Since you seem to be doing well on the crate training (better than me) there's not much to add. Only thing is I've found that training a stay command and a crate command has really helped my pup settle down in his crate quicker than normal usual. First I taught him to stay, and getting it to a point where he often stay even if I go around a corner out of his sight. Then I taught him a crate command, when I say "crate" I follow by tossing a treat in the crate for him and say "goodboy" for when he makes the move into the crate (but before he gets to the treat. I kept practicing and now he will dash to his crate when I say "crate". He used to run straight back out and stare at me for his treat but since he already knew stay, I tell him to stay just as he gets in the crate so he stays inside. Once he was used to that, I started shutting the crate door for longer and longer after saying stay and treating him later. He seems to be more willing to get shut in his crate now, won't whinge as much when I put him away.

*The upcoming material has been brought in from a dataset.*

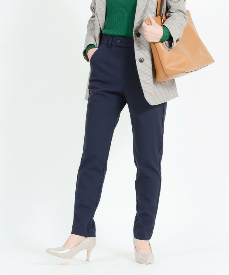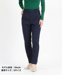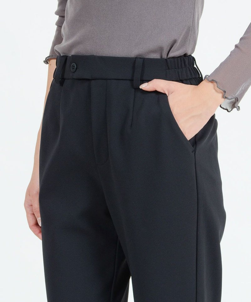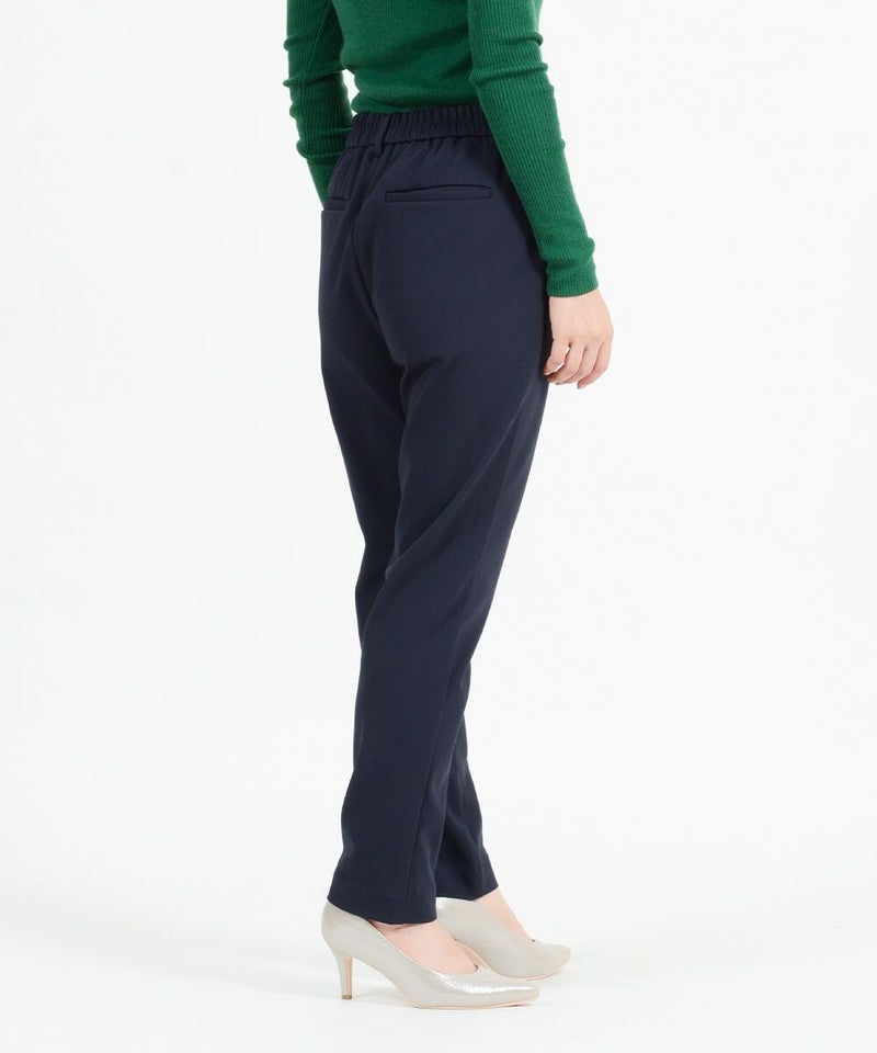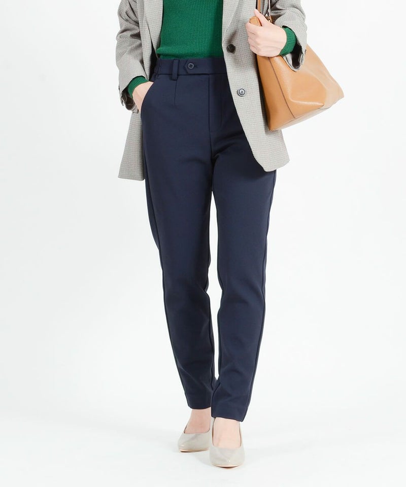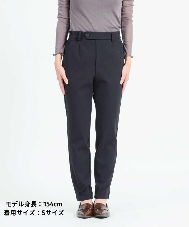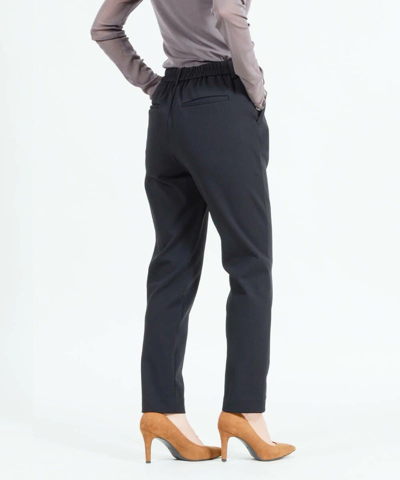 細身のテーパードながらも、深めの股上や前身のダーツで腰回りはゆとりがあり、窮屈感なく全体のラインをスッキリ見せる技ありシルエット。

I think's it makes sense psychologically. I mean when I taught him to go to his crate like this, he himself makes the decision to willingly go there, and gets him used to being shut in on his own terms. Whereas before, even if I lured him in and shut the door, he doesn't really choose to go in and stay, he was kinda just being 'tricked' into doing it.


----------



## maciepup (Jan 1, 2012)

Has your crate training included meals in the crate? We have an 11 week old bernedoodle and she sleeps well in her crate, but she has done her eating in a pen (6 gates in a hexagon). We're anxious about heading to work on Tuesday and leaving her...


----------